BEGIN Exercise input

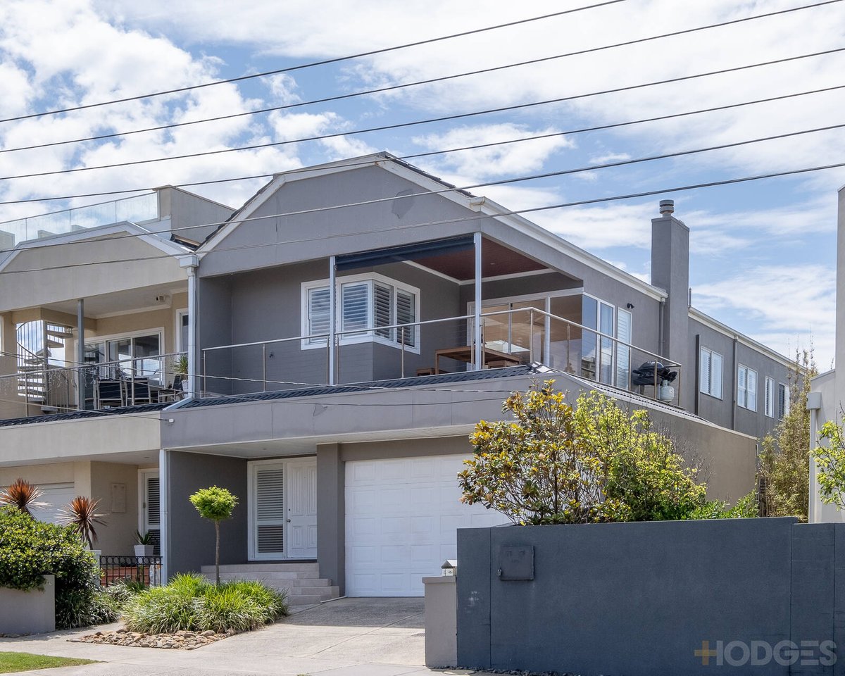 Located approximately 50 metres from the bay, this must-see property spans three sophisticated levels that culminate in a stunning rooftop terrace with glorious 360 degrees vistas to the bay. Offering multiple alfresco spaces from which to relish the locale, the home’s well-conceived floorplan features three full-sized downstairs bedrooms each with generous fitted robes and sharing a sparkling bathroom – also here, a spacious family room extends out to low maintenance rear yard with decking.
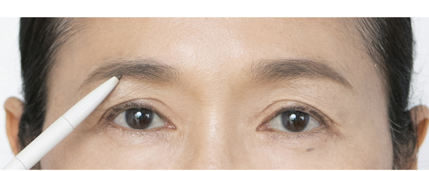 ペンシルで眉の下側のラインや、左右を見比べて足りない部分をペンシルで補正する。つんつんとつつくように描くとよい。
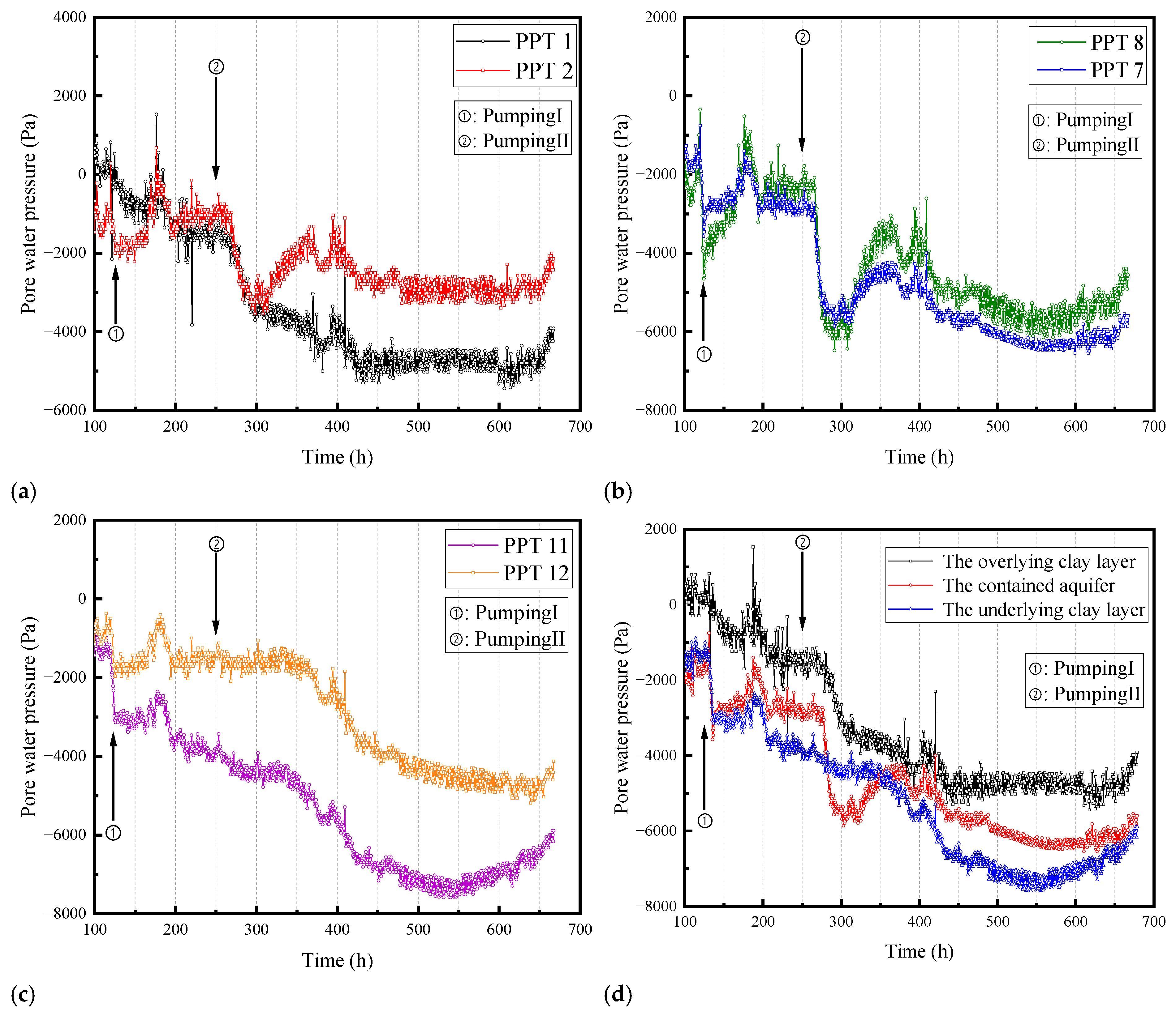 3.3. Pore Water Pressure Variation Due to Triple Pumping
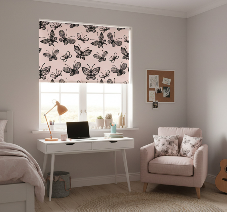 Roleta dla nastolatka z motywem małych czarnych motyli
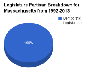 The chart below shows the partisan composition of the Office of the Governor of Massachusetts, the Massachusetts State Senate and the Massachusetts House of Representatives from 1992 to 2013.
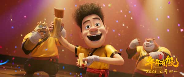 MV还创新融入了别具一格的地域特色小巧思,强哥带头献上了一段天津快板:“夸一夸您这好学业,天天顶呱呱,职位薪水翻着倍,钞票哗啦啦”。歌词中熊二仍惦记着吃到蜂蜜的幸福,还被光头强吐槽“忘不了吃”,贴近生活的歌词编排搭配可爱俏皮的角色互动,让这份新春祝福更加落地,直击人心。多年来,熊强三人组始终在新春佳节与观众共贺团圆,2026年新春,更是即将陪伴观众完整走过十二个生肖年。值此特殊节点,《熊出没》大电影以新作《熊出没·年年有熊》紧扣“过年”这一核心主题,用极具中式奇幻感的视觉呈现,讲述最接地气的暖心故事,为大家传递最浓郁的新春年味。2026大年初一,敬请期待!
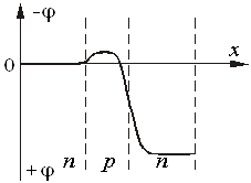 Мал.4 Потенційна діаграма роботи n–p–n транзисторa
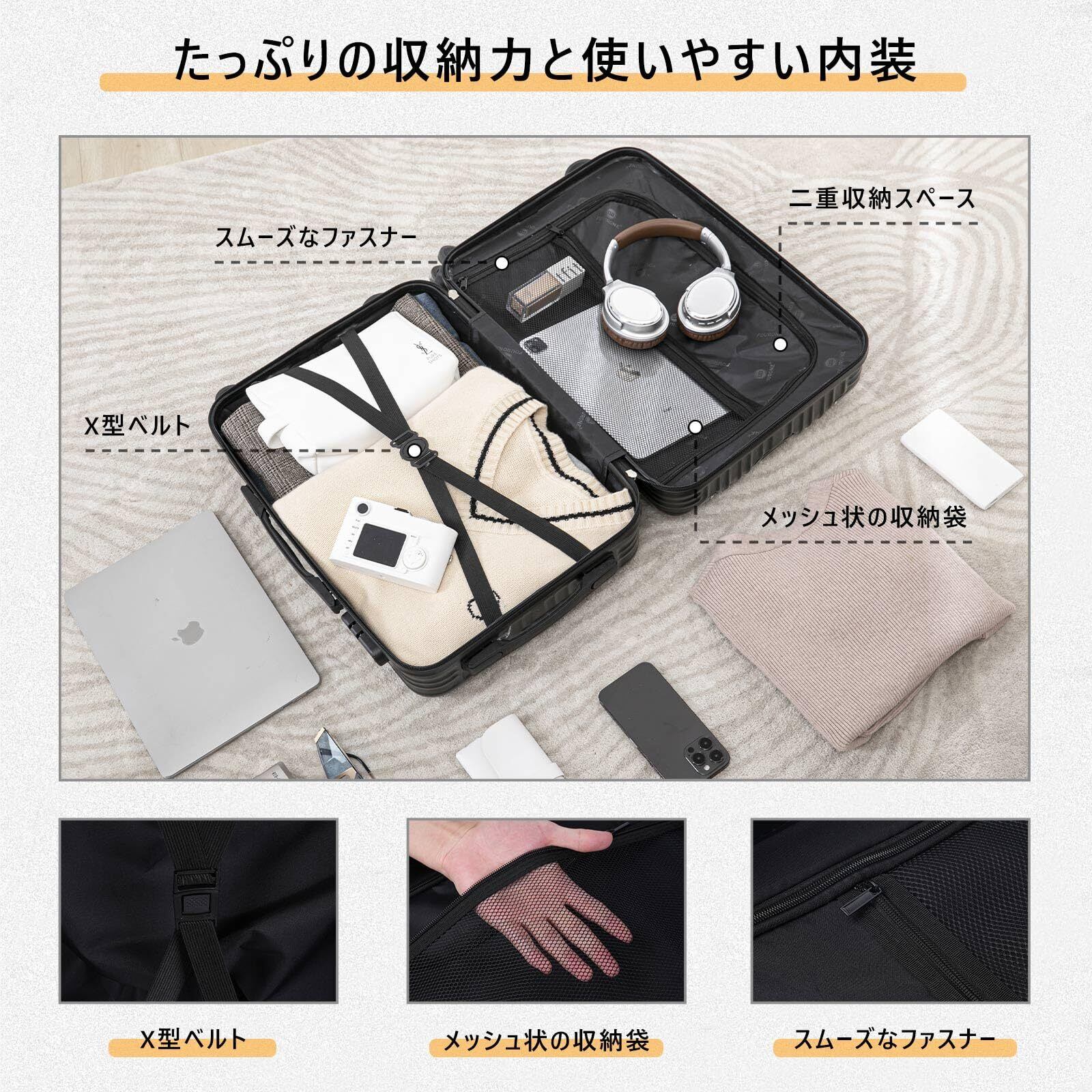 このスーツケースはUSBポートを搭載しており、外出先でもスマートフォンやタブレットを簡単に充電できます。ビジネス旅行や長時間の移動中にも、安心してデバイスを利用できます!
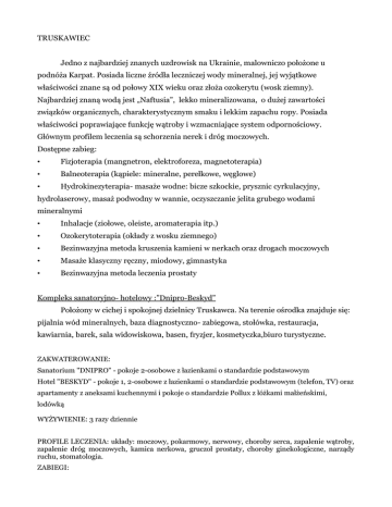 TRUSKAWIEC Jedno z najbardziej znanych uzdrowisk na Ukrainie, malowniczo położone u podnóża Karpat. Posiada liczne źródła leczniczej wody mineralnej, jej wyjątkowe właściwości znane są od połowy XIX wieku oraz złoża ozokerytu (wosk ziemny). Najbardziej znaną wodą jest „Naftusia”, lekko mineralizowana, o dużej zawartości związków organicznych, charakterystycznym smaku i lekkim zapachu ropy. Posiada właściwości poprawiające funkcję wątroby i wzmacniające system odpornościowy. Głównym profilem leczenia są schorzenia nerek i dróg moczowych. Dostępne zabieg: • Fizjoterapia (mangnetron, elektroforeza, magnetoterapia) • Balneoterapia (kąpiele: mineralne, perełkowe, węglowe) • Hydrokinezyterapia- masaże wodne: bicze szkockie, prysznic cyrkulacyjny, hydrolaserowy, masaż podwodny w wannie, oczyszczanie jelita grubego wodami mineralnymi • Inhalacje (ziołowe, oleiste, aromaterapia itp.) • Ozokerytoterapia (okłady z wosku ziemnego) • Bezinwazyjna metoda kruszenia kamieni w nerkach oraz drogach moczowych • Masaże klasyczny ręczny, miodowy, gimnastyka • Bezinwazyjna metoda leczenia prostaty Kompleks sanatoryjno- hotelowy :”Dnipro-Beskyd” Położony w cichej i spokojnej dzielnicy Truskawca. Na terenie ośrodka znajduje się: pijalnia wód mineralnych, baza diagnostyczno- zabiegowa, stołówka, restauracja, kawiarnia, barek, sala widowiskowa, basen, fryzjer, kosmetyczka,biuro turystyczne. ZAKWATEROWANIE: Sanatorium "DNIPRO" - pokoje 2-osobowe z łazienkami o standardzie podstawowym Hotel "BESKYD" - pokoje 1, 2-osobowe z łazienkami o standardzie podstawowym (telefon, TV) oraz apartamenty z aneksami kuchennymi i pokoje o standardzie Pollux z łóżkami małżeńskimi, lodówką WYŻYWIENIE: 3 razy dziennie PROFILE LECZENIA: układy: moczowy, pokarmowy, nerwowy, choroby serca, zapalenie wątroby, zapalenie dróg moczowych, kamica nerkowa, gruczoł prostaty, choroby ginekologiczne, narządy ruchu, stomatologia. ZABIEGI: - Fizjoterapia (magnetron, elektroforeza, magnetoterapia), - Balneoterapia (kąpiele: mineralne, perełkowe, węglowe), - Hydrokinezyterapia - masaże wodne: bicze szkockie, prysznic cyrkulacyjny, hydrolaserowy, masaż podwodny w wannie, oczyszczanie jelita grubego wodami mineralnymi - Inhalacje (ziołowe, oleiste itp.), - Ozokerytoterapia (okłady z wosku ziemnego), - Bezinwazyjna metoda kruszenia kamieni w nerkach oraz w drogach moczowych, - Masaże, gimnastyka, - Bezinwazyjna metoda leczenia prostaty. TERMINY: dowolne (od soboty do soboty) Pokoje Dwuosobowe Dwuosobowy (standard/1os.) Cena (za 1 tydzień za osobę) Wyżywienie w stołówce ośrodka 1000,00 Szwedzki stół 1190,00 Jednoosobowe Jednoosobowy (standard) DNIPRO 1150,00 - Jednoosobowy (standard) BESKYD 1100,0 1280,00 Cena zawiera: - zakwaterowanie (7 noclegów) - wyżywienie wg opcji (3 razy dziennie) - zabiegi lecznicze zgodnie z zaleceniem lekarza - ubezpieczenie NNW i KLiA Cena nie zawiera: - ubezpieczenia płatnego na granicy (ok. 5 USD / os.) - transportu 220 zł/os - opłaty klimatycznej (ok. 1 USD / 7 dni / os.).

END Exercise input

■ What you are asked to do
Could you repeat exactly the lines from the first one of the records above through the line containing "ペンシルで眉の下側のラインや", leaving out any pictures?

■ Response to the exercise
 Located approximately 50 metres from the bay, this must-see property spans three sophisticated levels that culminate in a stunning rooftop terrace with glorious 360 degrees vistas to the bay. Offering multiple alfresco spaces from which to relish the locale, the home’s well-conceived floorplan features three full-sized downstairs bedrooms each with generous fitted robes and sharing a sparkling bathroom – also here, a spacious family room extends out to low maintenance rear yard with decking.
 ペンシルで眉の下側のラインや、左右を見比べて足りない部分をペンシルで補正する。つんつんとつつくように描くとよい。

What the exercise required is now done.